As happened in Kosovo in 1999, the major media refused to challenge a Democratic president's account of impending genocide. Obama inflated the horror and assigned blame to just one of the two culpable parties, much as Clinton did in Kosovo.
For the Libyan conflict, Alan Kuperman, a professor of public affairs at the University of Texas and author of "The Limits of Humanitarian Intervention," did the calculations the media refused to do.
Writing in the Boston Globe just two weeks after the president's address on Libya, Kuperman made the simple point, "The best evidence that Gadhafi did not plan genocide in Benghazi is that he did not perpetrate it in the other cities he had recaptured."
No political partisan, Kuperman previously served as a legislative assistant to Democrat House Speaker Tom Foley and legislative director for then-Rep. Chuck Schumer.
What did happen in Libya, Kuperman explained, is that rebel forces, fearing imminent defeat, followed the Kosovo playbook and faked a humanitarian crisis.
On March 14, Soliman Bouchuiguir, president of the Libyan League for Human Rights in Geneva, told Reuters that if Gadhafi attacked Benghazi, there would be "a real bloodbath, a massacre like we saw in Rwanda.'' Four days later, the U.S. military started bombing.
On March 21, the New York Times reported, "The rebels feel no loyalty to the truth in shaping their propaganda, claiming nonexistent battlefield victories, asserting they were still fighting in a key city days after it fell to Gadhafi forces, and making vastly inflated claims of his barbaric behavior."
That said, the Times and the other mainstream media largely kept their doubts on the back pages. Democrats in Congress kept quiet as well.
A month after the bombing started, Obama and his allies sent a letter to the international press, claiming, "The bloodbath that [Gadhafi] had promised to inflict on the citizens of the besieged city of Benghazi has been prevented." In reality, the only people who promised bloodbaths were the rebel spokesmen and the Western leaders.
This absurd self-fulfilling fabrication would have been amusing were it not so lethal. By this time, Obama had to know the pretext for war was false, but he would continue to pursue it for another six deadly months.
"The biggest misconception about NATO's intervention," wrote Kuperman after the fact, "is that it saved lives and benefited Libya and its neighbors."

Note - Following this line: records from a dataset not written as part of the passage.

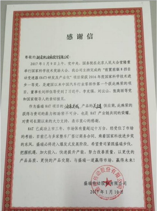 盛瑞傳動“8AT變速箱泵”創新結構設計,采用油泵與變速器的定位銷與外圓新型安裝方法,減小了壓力脈沖幅值、降低運行噪音、降低了裝配成本。技術處于國際先進水平,為其配套生產的8AT自動變速器研發及產業化項目榮獲國家科技進步一等獎。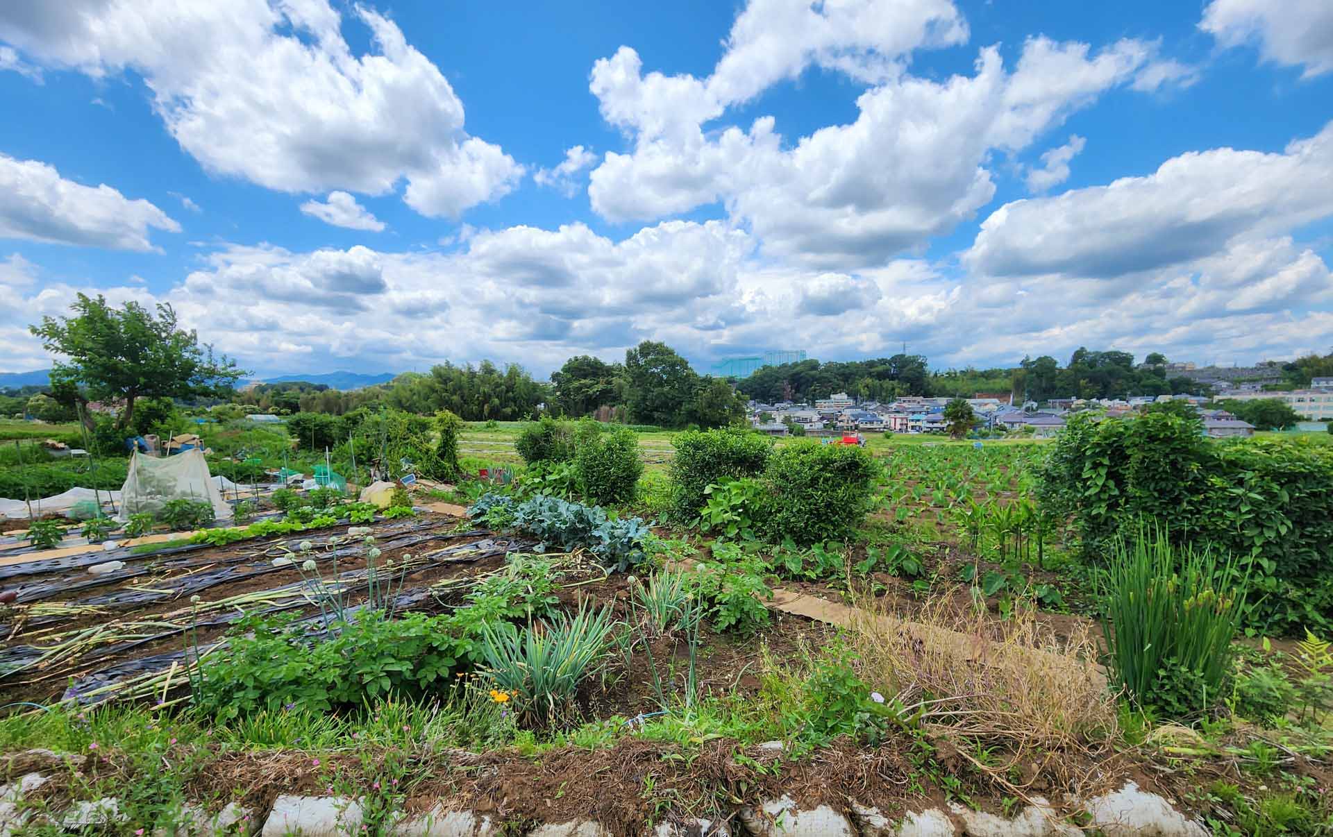 八王子市幹線2級6号線は、湯殿側と八王子南バイパスの間に存在し、農道の役割を果たしている道路です。 アスファルトで舗装こそされているものの、道幅は軽自動車がようやく通れるくらい、全長は2km弱しかありません。 両脇には森林と農地が広がり、ゆったりとした時間が流れる中で、四季を感じる小道です。 よく晴れた青空に白い雲が浮かんでいる初夏の正午のワンショットです。 この日の夜は記録的なほどの土砂降りになりました。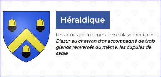 D'azur au chevron d'or accompagné de trois glands renversés du même, les cupules de sable.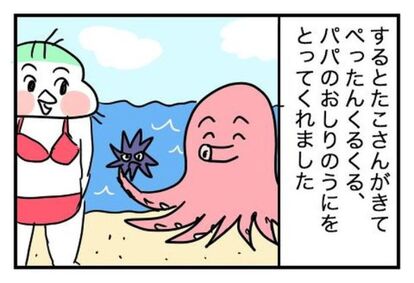 子供らしくかわいいお話…と思いきや、パパの扱いが少し荒々しい! ウニのトゲでおしりを刺され、最終的に海に沈められてしまう姿には、思わず吹き出してしまいますね。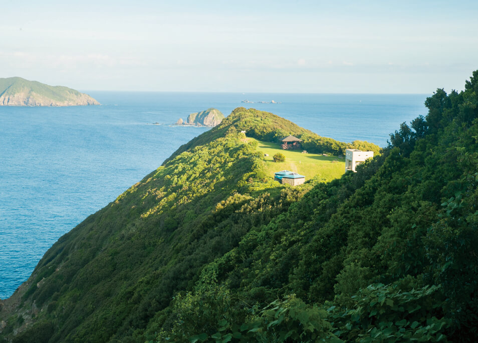 母島集落と弘瀬集落の中間あたりにある白岩岬キャンプ場。道路から見ると海に浮かんでいるように見える美しいキャンプ場は島の人気スポット。秋には、渡り蝶としても有名なアサギマダラも島を訪れます。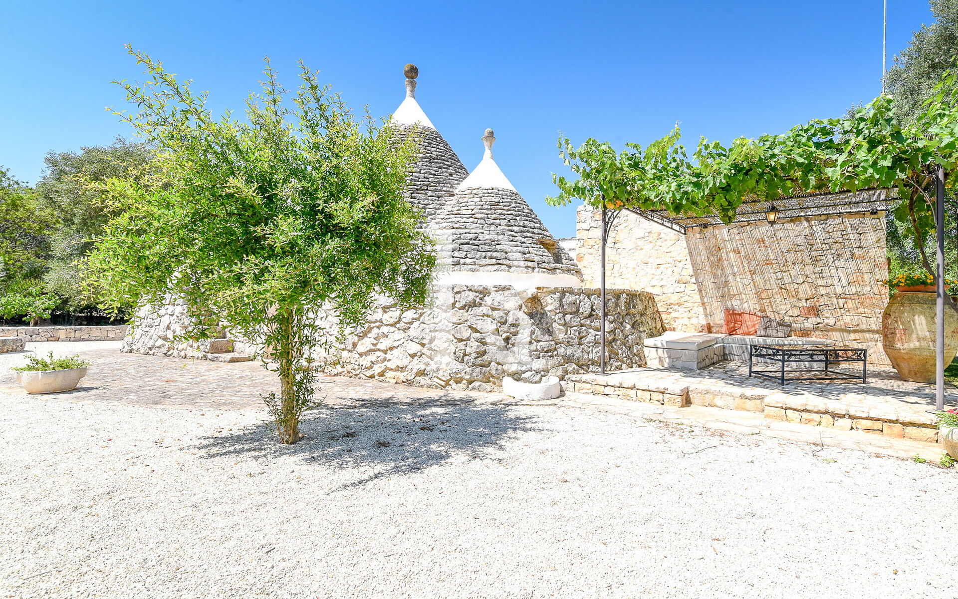 Aquamarine Trullo se compose principalement d'un bel espace de détente en plein air, avec une pergola en vertu de laquelle ont été créés dans les sessions de maçonnerie, où ils ont été oreiller Mentir pour se détendre à l'ombre du soleil pour prendre un verre et prendre un verre.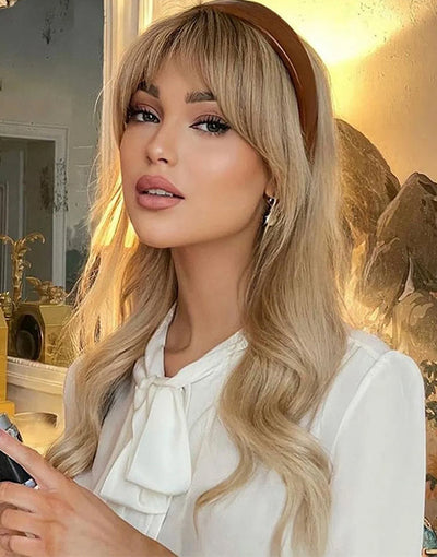 22" Curtain Bangs Ombre Blonde Wavy 13x4 Lace Wig Flash Deal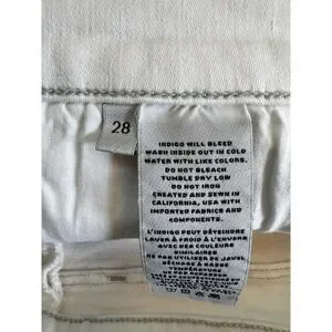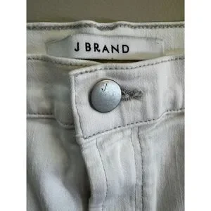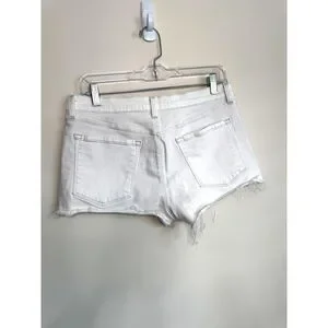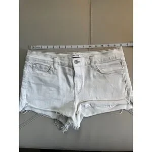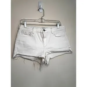 Stretchy off white J brand denim shorts with a contrasting grey stitch throughout. Distressed bottom hem, 5 pockets.

In fact, Gadhafi did not attack peaceful protesters. The rebels started the violence, and Gadhafi responded. Barely six weeks after the rebellion started, Gadhafi had all but suppressed it at the cost of about 1,000 lives. Then NATO intervened.
On Oct. 20, 2011, NATO planes attacked a convoy among whose passengers was a desperate Gadhafi. He was hoping to find refuge in his birthplace, the Jarref Valley. That was not to be.

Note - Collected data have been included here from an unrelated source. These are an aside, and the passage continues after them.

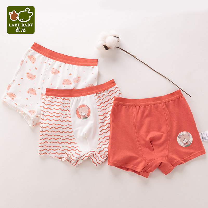 Rabi official flagship male baby pure cotton flat triangle four corners safety pants small and small boys and children's underwear 3 packs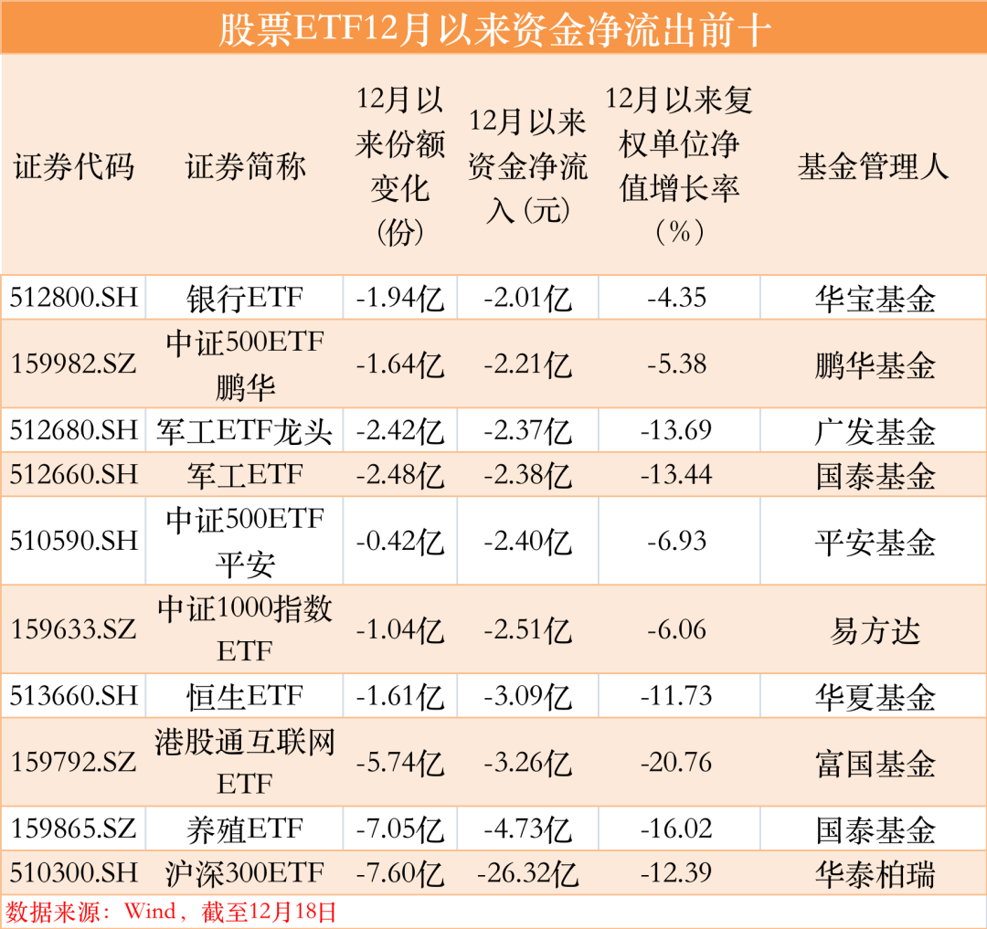资金净流出方面,华泰柏瑞沪深300ETF12月以来资金净流出超过26亿元,国泰养殖ETF资金12月以来净流出4.73亿元,富国港股通互联网ETF、华夏恒生ETF资金净流出均超过3亿元,部分中证1000ETF及军工ETF资金净流出也较为居前。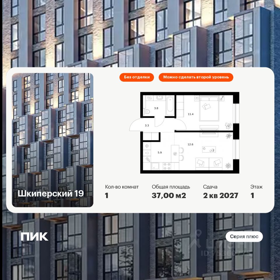 Продаётся 1-комн. квартира площадью 37 кв.м на 1 этаже 8 этажного дома (Корпус 2, Секция 3) проекта ПИК Шкиперский 19. Светлый просторный подъезд на уровне земли, функциональная планировка, большие окна, без отделки.

Gadhafi fled the shattered convoy on foot and hid in a drainpipe while his bodyguards tried and failed to hold off a local militia.

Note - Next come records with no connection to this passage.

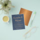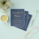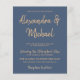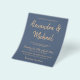 Elegant trendy typography low budget affordable wedding invitation in dark midnight blue with rose gold hand lettering featuring big bride's and groom's names calligraphy script. On the backside, there is a faux metal copper foil. ++++++++++++++++++++++ ENVELOPES NOT INCLUDED! +++++++++++++ Please note that the navy background color on front side is editable. You can change it after selecting CUSTOMIZE further option. ------- The invitation is suitable for any season - spring, summer, autumn, winter - indoor wedding reception.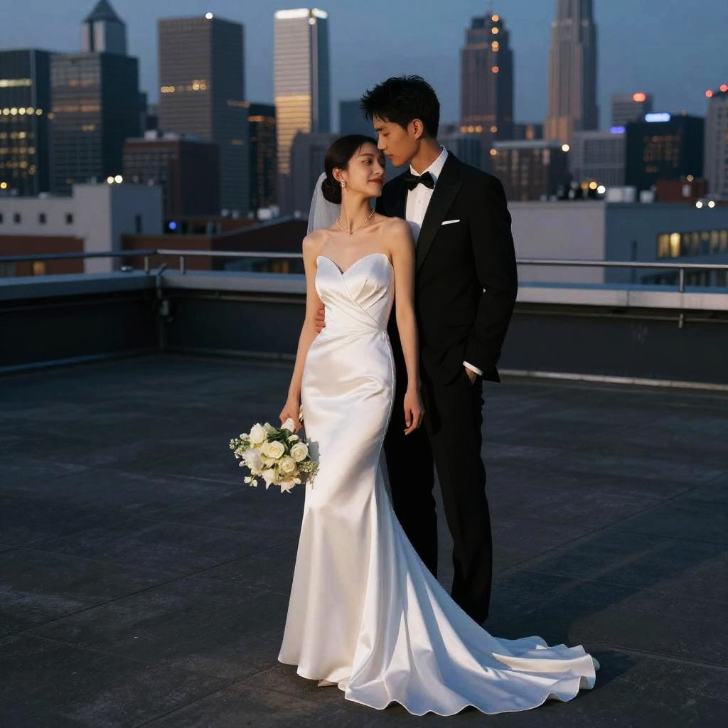 Bride and groom photos in an urban rooftop setting at twilight, city skyline glowing in the background, dramatic lighting casting soft shadows, modern wedding attire with sleek design, a blend of elegance and contemporary style, cinematic and moody atmosphere, ultra-detailed.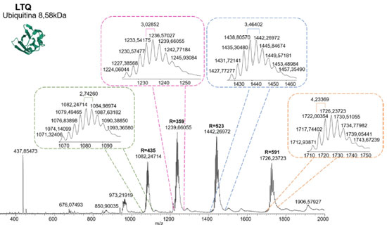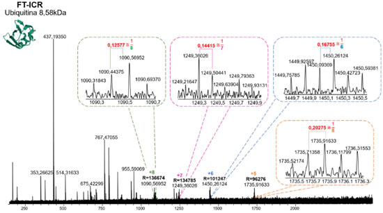 ![]() Figura 7. Espectro de massa adquirido para Ubiquitina através de ESI (+) FT-ICR-MS com ampliações para a determinação das cargas +5, +6, +7 e +8. Destaca-se em vermelho o resultado da separação isotópica equivalente a (1/zi) Da
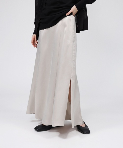 2025 SUMMER COLLECTIONキュプラの洗練された光沢感で魅せるマーメイドスカートーーー◆DETAILポイント◆・キュプラ素材のマーメイドスカート。・ヒップ周りはボリュームを抑えたスッキリ見えシルエット。・左脇にさりげなく入ったスリットで大人の肌見せと抜け感をプラス。・ウエストはゴム入りで楽ちんな履き心地です。ーーー◆COLORポイント◆グレージュ:ホワイト感覚で着回せる、抜け感のあるニュアンスカラー。チャコール:素材の光沢がより際立つチャコールは、夏でも軽やかに着こなせる頼れるダークカラー。◆FABRICポイント◆・ブライト糸を使用した光沢感の強いサテンキュプラ。・さらにフィブリル加工を施すことでシルキータッチで膨らみのある風合いに。◆おすすめコーディネート◆・リネンなどの天然素材と合わせて素材感のコントラストを楽しむのがおすすめ。・ゆったりとしたニットや身幅のあるショートトップスもバランス良く着こなせます。・・・・・・・・・・・・洗濯:ドライクリーニング透け感:やや透ける伸縮性:なし生地の厚さ:普通裏地:なし※こちらは参考情報となります。カラーにより多少の誤差がございます。・・・・・・・・・・・・【BABYLONE / バビロン】”Be myself” 好きな色 好きなかたち 好きな着こなし 自分の好きは自分だけが知ってる 自分らしい自分を好きでいたい時代のニュアンスを取り入れながらも まわりにとらわれない ブレないしなやかな女性たちへ【気になる商品は「お気に入り」登録を】ハートマークをクリックし、お好きなカラーを選んでお気に入りに登録すると在庫残り僅かの通知、再入荷通知などの情報を受け取ることができます。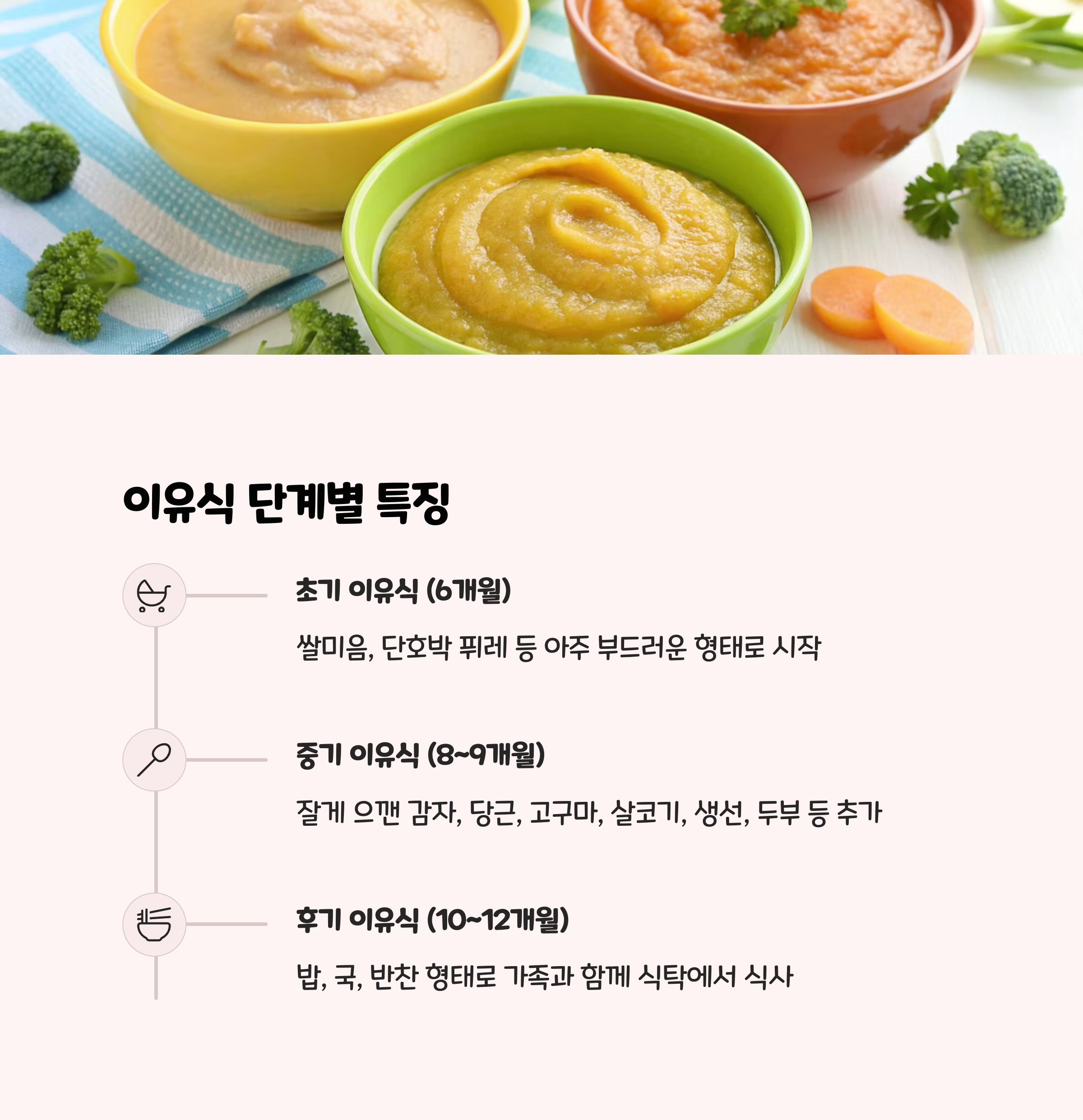이유식은 초기(6개월), 중기(8~9개월), 후기(10~12개월)로 나뉘어요.

The militia members took Gadhafi prisoner, indelicately sodomized him with a knife, and captured it all on video. They then threw Gadhafi, still breathing, onto a pickup truck. When the truck pulled away, he promptly fell off.
This Keystone Cops-meets-Mad Max muddle was not quite the image of a new Libya the new Libya was hoping to project, so the prime minister claimed his troops killed Gadhafi in a crossfire. Lying had worked well in the past. Why stop now?
The Guardian headline captured the giddy mood in Washington: "Obama hails death of Moammar Gadhafi as foreign policy success: President warns other Middle Eastern dictators, particularly Syrian president Bashar al-Assad, that they could be next."
Ever the comedienne, Secretary of State Hillary Clinton summed up the administration's attitude best. Upon hearing of Gadhafi's death, she boasted laughingly on camera, "We came. We saw. He died."
My guess is that the families of Chris Stevens, Glen Doherty, Tyrone Woods and Sean Smith do not share Hillary's sense of humor.